= Directions for this task =
Begin at the line that holds "Can be used" and copy each line exactly until the data below ends, including that last line but no pictures.

(Source data)
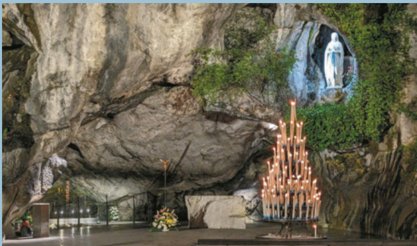
The Lourdes grotto at night
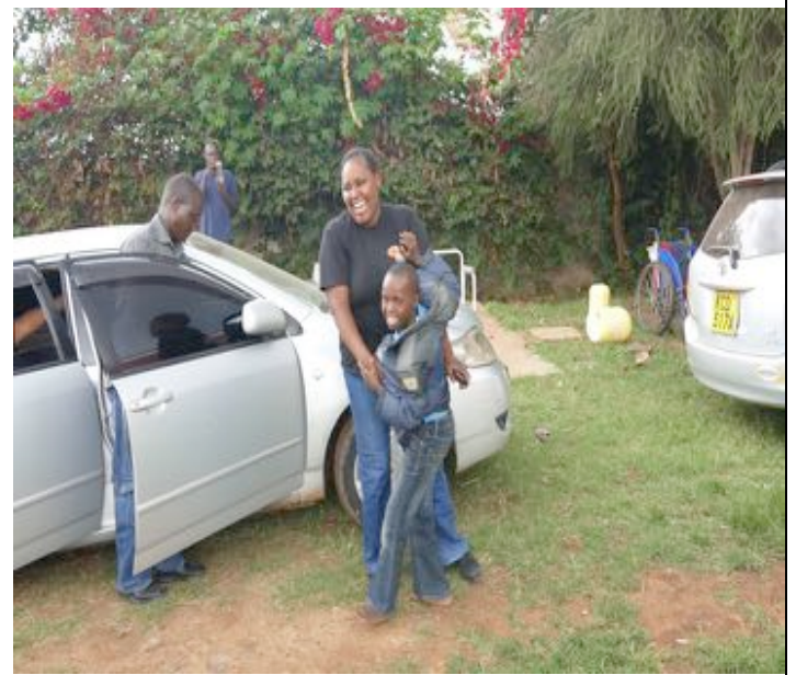
Happy Child Say Goodbye to Equal Africa
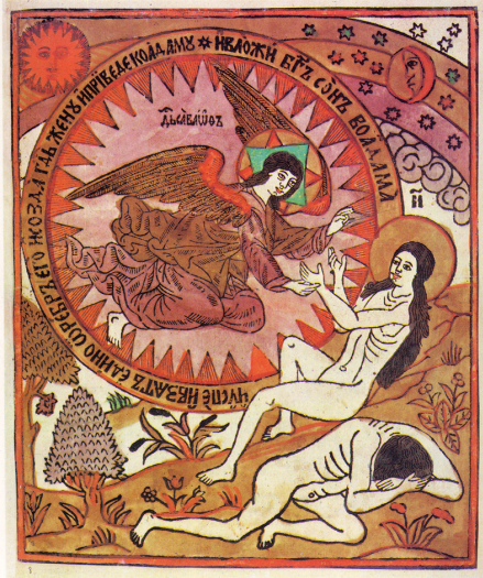
Creation of Adam and Eve, 1792, Russian lubok
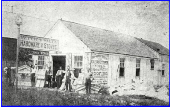
Photo of Pettit & Waltz shop in Denison, Texas, latter 1800's.
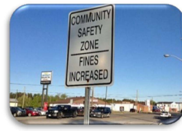
Designation as Community Safety Zones (Optional)
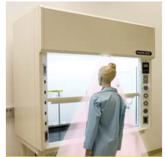
Overhead Infrared Sensor

With the Automatic Sash Operator, Kewaunee now offers increased laboratory and fume hood safety and maximizes energy and operating cost savings on the industry leading Supreme Air LV fume hood.
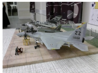
More 1/72 scale jet hardware from the R.Harris stable
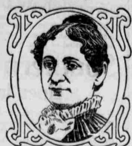
LYDIA E. PINKHAM

No other medicine has been so successful in relieving the suffering of women or received so many genuine testimonials as has Lydia E. Pinkham's Vegetable Compound.
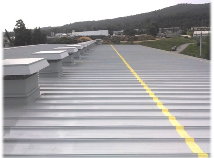
Can be used as a caution stripe at roof edges to provide a highly visible warning at the most hazardous areas of a roof
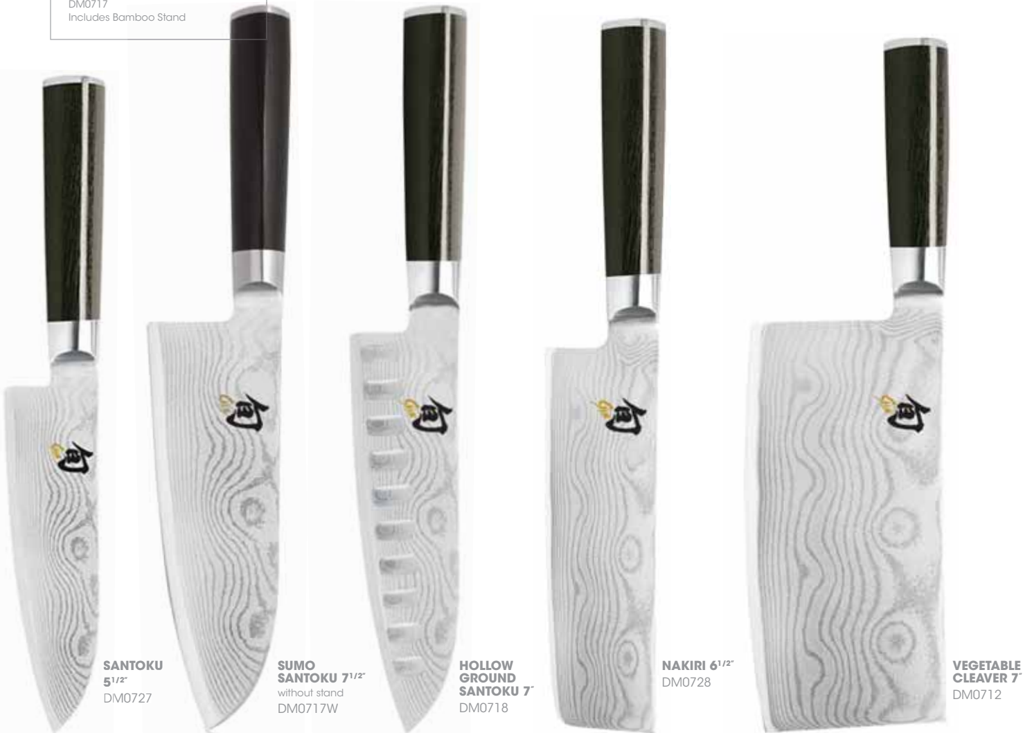
SANTOKU 5 1/2" DM0727

= Exercise output =
Can be used as a caution stripe at roof edges to provide a highly visible warning at the most hazardous areas of a roof
SANTOKU 5 1/2" DM0727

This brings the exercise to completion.